Religion-based Family Laws, Corporate Kinship, and Wealth Accumulation in Modern India: a Sociological Investigation
On behalf of Prof. Christel Gärtner and Prof. Matthias Casper, you are cordially invited to attend the above-mentioned guest lecture by Prof. Anindita Chakrabarti from the University IIT Kanpur. Sociology professor at the Department of Humanities and Social Sciences in Kanpur, Prof. Chakrabarti is currently a guest researcher at the Excellence Cluster Religion and Politics. Her research area is in law and religion.
The talk is being held at 6:00 pm on Tuesday, 28 May in JO 101, Johannisstr. 4.

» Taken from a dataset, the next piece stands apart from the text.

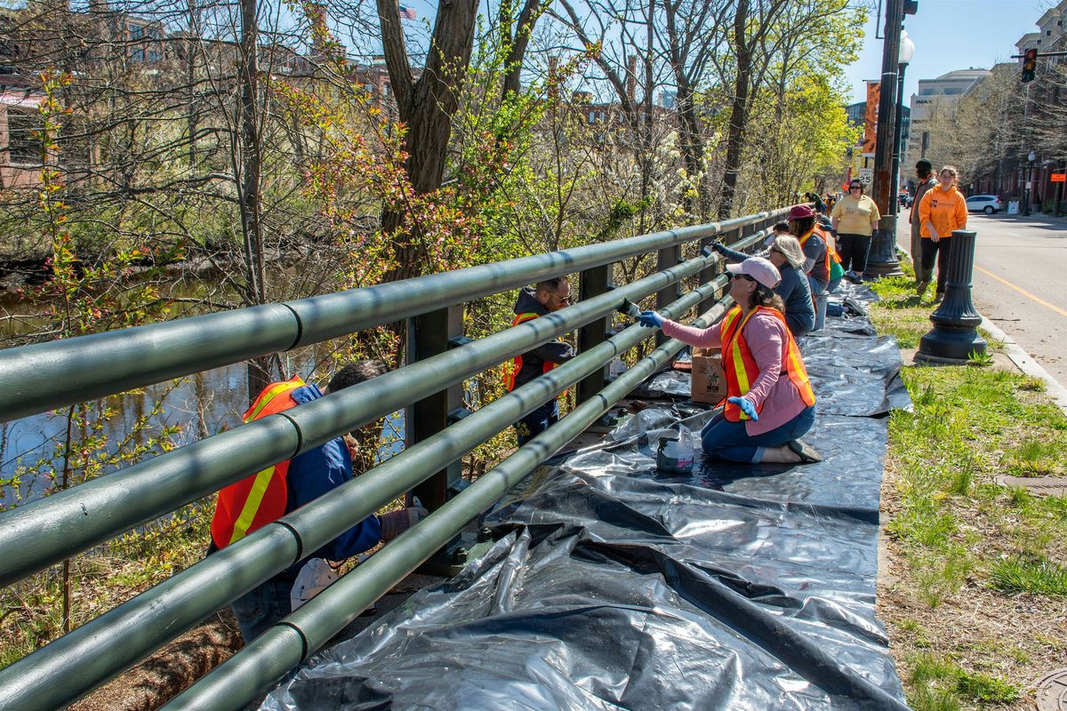 Volunteer Rail Painting on the Woonasquatucket River Greenway
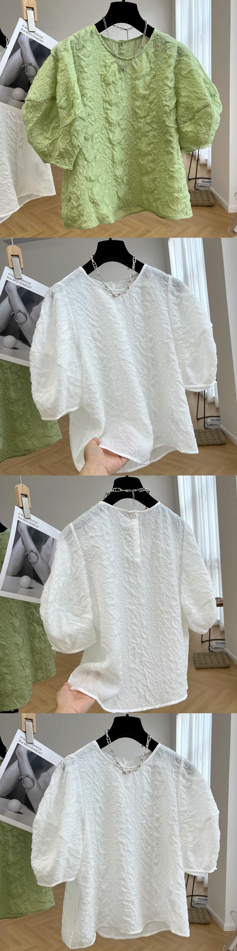 ノミクマレディーストップスブラウス2022サマーシックスウィートパフスリーブOネックドールシャツCausalStyleDe 大人ガーリー キュート カジュアル 夏物 kor31481286140

You may also join via Zoom:
https://uni-ms.zoom-x.de/j/64685944351?pwd=WHdCWEhFMUd6TVo3N3lCZy9lVHJDQT09
Meeting-ID: 646 8594 4351
Kenncode: 881844
Abstract: In India, religion-based family laws (also referred to as personal laws) function within the constitutional guarantee of religious freedom (articles 25-30). But they operate within a futuristic promise of a Uniform Civil Code (UCC) also enshrined in the directive principles of the Constitution. In post-independence India, the UCC which is supposed to replace diverse religion-based family laws has become a short hand for gender justice, resolutely opposed to religious obscurantism in general and ‘Muslim misogyny’ in particular. In the recent decades Muslim personal law has been the cynosure of the debate on UCC and gender justice. Decentring the debate from an abstract notion of gender to the workings of family, kinship, and wealth transfer, the lecture draws attention to the intricacies of law in practice. Thereby it shows how the ideas of legal pluralism can offer a framework to reimagine the binary between cultural relativism of family laws and a statist UCC based on the ideal of ‘one nation, one law’.